防音の考え方と効果

 住宅の生活防音でも、楽器の防音室でも、質量則のみの考え方で遮音材にシフトした設計・対策を行うと、落とし穴にはまります。

 例えば、面密度約2kg/m2の遮音シート(厚さ約1.2ミリ)を、壁に3重張りすると、厚さ3ミリ・面密度6kg/m2の遮音マットと同等の防音効果が得られると思うでしょう。

 面密度が同じでも、実際は遮音シートを3重張りしたケースが遮音マット1重張りよりも防音性能が劣ることが少なくありません。質量則の考え方だけで捉えれば、防音効果は同等なはずです。

 なぜ、このような現象が起きるのでしょうか。それは、遮音シートの制振性不足や素材の性質の違いから性能に差が生じたと考えられます。音響学会の実験データでも面密度や制振性の乏しい素材を重ねても効果が高まらないことが検証されています。
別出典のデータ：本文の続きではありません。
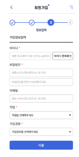 6) 가입에 필요한 아이디, 비밀번호, 직업, 가입경로 등 필수항목을 모두 작성해 주세요.
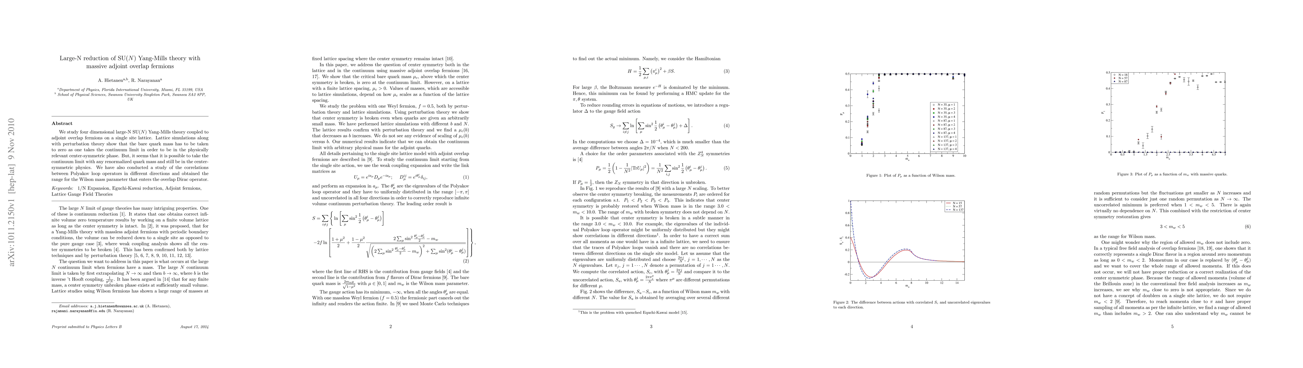 This paper investigates four-dimensional large-N SU(N) Yang-Mills theory with massive adjoint overlap fermions, finding that the continuum limit can be approached with any renormalized quark mass while maintaining the center-symmetric phase. The study also examines correlations between Polyakov loop operators and determines the range for the Wilson mass parameter in the overlap Dirac operator.

 防音の効果は、使用する防音材の性能・性質や、下地、吸音素材などを含めた、組合わせ方・構造的な補強などの複合的な要因によって、大きな差が生じるのです。ここに、質量則のみに基づいた遮音材にシフトした防音の限界があるのです。

 また、防音は「遮音」「制振(防振)」「吸音」の要素に加えて、下地構造などの耐久性・剛性が大きな影響を与えます。地震や楽器・設備などによる振動対策、長期の荷重に対策する耐久性は、防音室であっても住宅であっても重要です。

 防音材の選択一つをとっても、効果に差が出ることに留意すべきでしょう。防音の考え方・経験が専門業者のノウハウであり、生命線です。